Moonlocket takes us right into the heart of a steampunk Victorian London. A London where we can find clockwork creatures come to life, airships, underground railways, and psychics. A London that is also the home of the notable escaped prisoner Jack Door. Jack has just broken out of prison to pick up the treasure he stole years earlier. The only clue lies within the mysterious Moonlocket. Unfortunately for Jack, the locket is intercepted by young Robert who quickly realises that the piece of jewellery is also tied up to his long-lost mother. Can Robert, his friend Lily, and the mechanical fox, Malkin, learn the secrets before Jack gets hold of them?
The story takes place about eight months after the events of the first book and references several aspect of that story. However, I don’t think I was at all at a disadvantage by not having read that story.
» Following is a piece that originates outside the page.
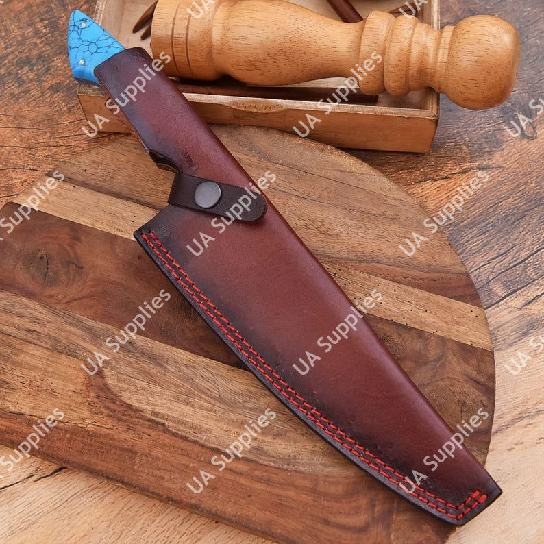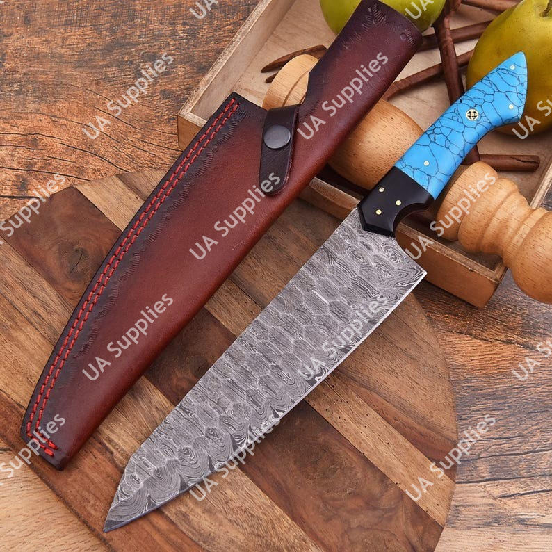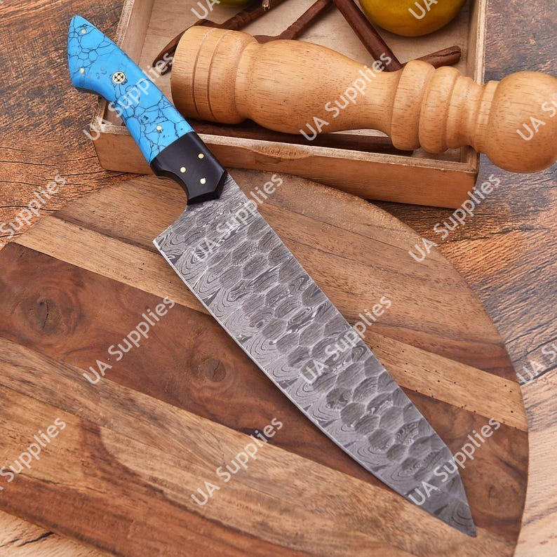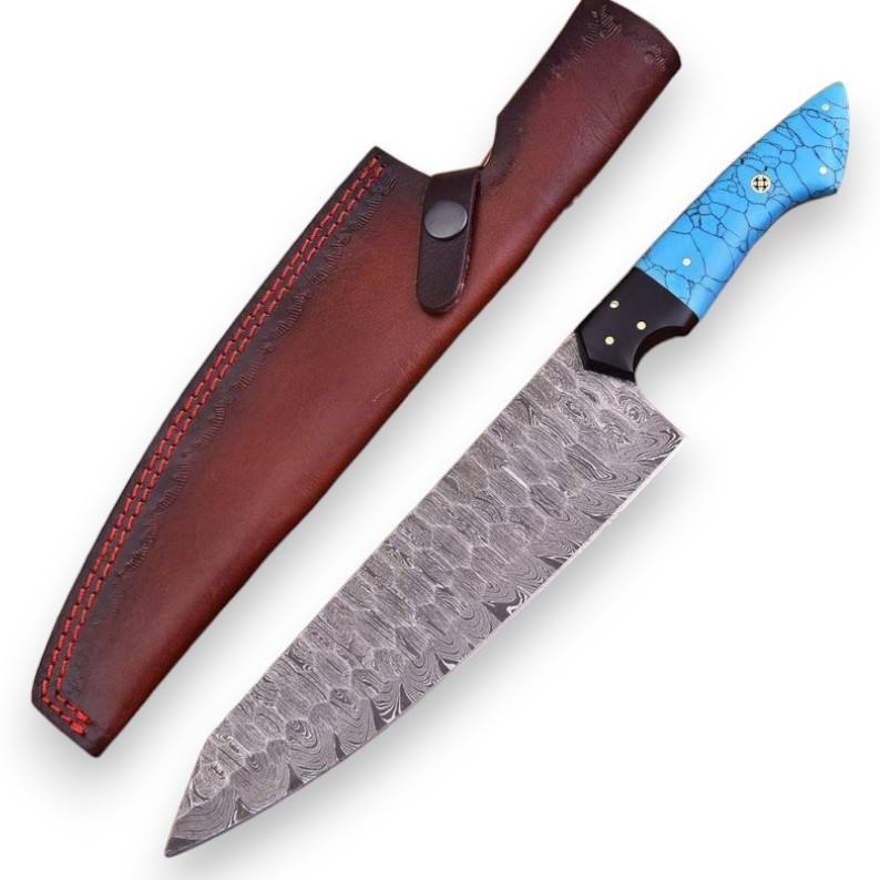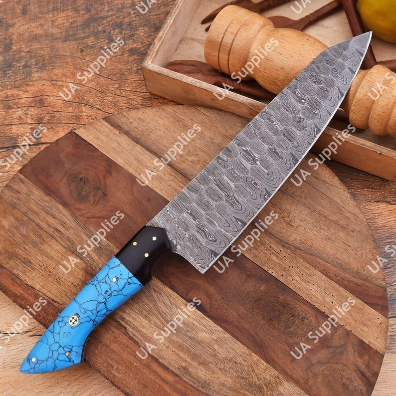 มีดเชฟเหล็กดามัสกัสขนาด 8 นิ้ว ผลิตตามสั่ง ด้ามจับสีเทอร์ควอยซ์ ตีขึ้นรูปด้วยมือ ใช้งานได้ทั้งสองมือ ออกแบบตามหลักสรีรศาสตร์ ทนทาน เป็นมิตรกับสิ่งแวดล้อม

Yes, there were probably great details that went over my head but there are enough callbacks to the first book to get the gist. You quickly get to grips with the characters and how they came to be together. So, you can enjoy watching them working together here without any in-depth knowledge of the events that have already unfolded.
Which is good because Moonlocket is an incredibly sweet story. It has a wonderful message of not judging books by their covers and true friendship that will keep both children and their parents happy. Lily struggles under the weight of her father’s fears whilst also mourning for her mother. She wants to prove that she is strong enough without defying his wishes. Robert misses his recently deceased father and tries desperately to track down his mother to find that missing family connection. The two of them are true friends and help fill the holes missing in each other’s lives. Risking their lives to protect each other and following their lead no questions asked. No matter how dangerous.
And there are times when this books gets quite dark and violent. There are a few grisly deaths either mentioned or seen that seemed a little at odds with the audience’s age. But, for the most part, this is just a fun adventure story that takes places in a familiar but new world. I have to admit, I was a little unsure of Bunzl’s London but I wasn’t sure if that was because I’d missed something in the last book. It seemed a bit confused for me. Like Steampunk but with unnecessary extras added on top. It seemed kind of over-the-top. Especially when this is the kind of story that deserves to be seen in its full glory, sans distractions.
Of course, I’m really just looking for something to criticise because this book was so enjoyable. You can’t help but get caught up in the journey and mystery at its heart. It’s fun-filled romp perfect for children to get stuck into. It is a sophisticated read but not too grown-up. The story is earnest without being too preachy or schmaltzy. Basically, it’s just a great book.